Since the above article was written, yet another order issued in Brazil. This one said that Sean must remain with his stepfather pending resolution of the court case. CBS then aired a controversial interview on The Morning Show with Sean's Brazilian stepfather and grandmother.
Up on my constitutional high horse, I then fired off this email to CBS News executives:
"CBS News needs to do its homework. The article "Boy must stay in Brazil for now, judge says" is as deficient in factual basis as was the soft, overly sympathetic interview of Joao Paulo Lins e Silva and Sean's grandmother on The Morning Show last week. Moreover, it shows a myopic lack of attention to the rule of law.
"The Sean Goldman case is -- plain and simple -- a case about kidnapping. This time it is not a parental kidnapping. Rather, it is a second kidnapping (wrongful detention) of Sean Goldman in Brazil by his stepfather Joao Paulo Lins e Silva. Still, Brazil shirks its duty to return Sean immediately, as Judge Pinto ordered on June 1st.
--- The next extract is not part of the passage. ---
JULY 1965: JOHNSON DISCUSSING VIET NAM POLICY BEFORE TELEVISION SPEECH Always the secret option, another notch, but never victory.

"Brazil became a Hague Convention signatory on 12/01/2003. Since then over 65 children have been abducted by parents to Brazil and not one has been returned. Brazil's own civil code says that when one parent dies, the other surviving parent (the legal, biological parent) by rule of law is automatically to have custody. Yet, when Sean's mother died, he was not returned to his biological father who has been seeking his custody since 2004.
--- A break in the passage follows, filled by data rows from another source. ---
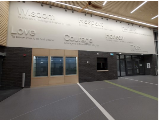
Seven Teachings Wall
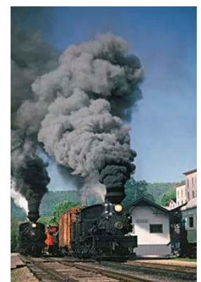
The Shay engine getting under a full load of steam.
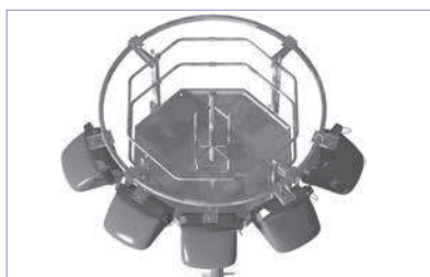
PFC15/12 with 5 hanging floodlights on a single-side

"Sean's stepfather is himself a Hague Convention lawyer, as is his father. Therefore, every possible defense under the Hague Convention has been raised in the latest proceedings in Brazil. This is a kind of "throw everything against the wall and see if anything will stick" approach. The Brazilian federal court judge, Rafael Pinto, shot all of these defenses (and others equally ludicrous) down. Only the extraordinary and competent advocacy of David Goldman's lawyer, Patricia Apy of Red Bank, New Jersey could have led Judge Pinto to his insightful and competent decisions. Those decisions swept away any serious consideration of the "defenses" raised by Lins e Silva.
"If CBS is too busy to read the 65 page June 1st decision by Judge Pinto holding that Sean should "immediately" be returned to the U.S. and to the custody of David Goldman and Judge Pinto's subsequent June 8th decision describing the parental alienation to which Sean is subjected in Brazil, then I suggest that at the very least CBS might read my summaries. I trust that Patricia Apy will correct me if I have in any way failed to accurately state what Judge Pinto stated -- both as findings of fact and conclusions of law. Contact her if you have any questions. For any news agency to offer up commentary and news stories that ignore the factual details of this case and the rule of law is irresponsible. For a major U.S. news agency such as CBS to do so is incomprehensible. The term "yellow journalism" comes to mind.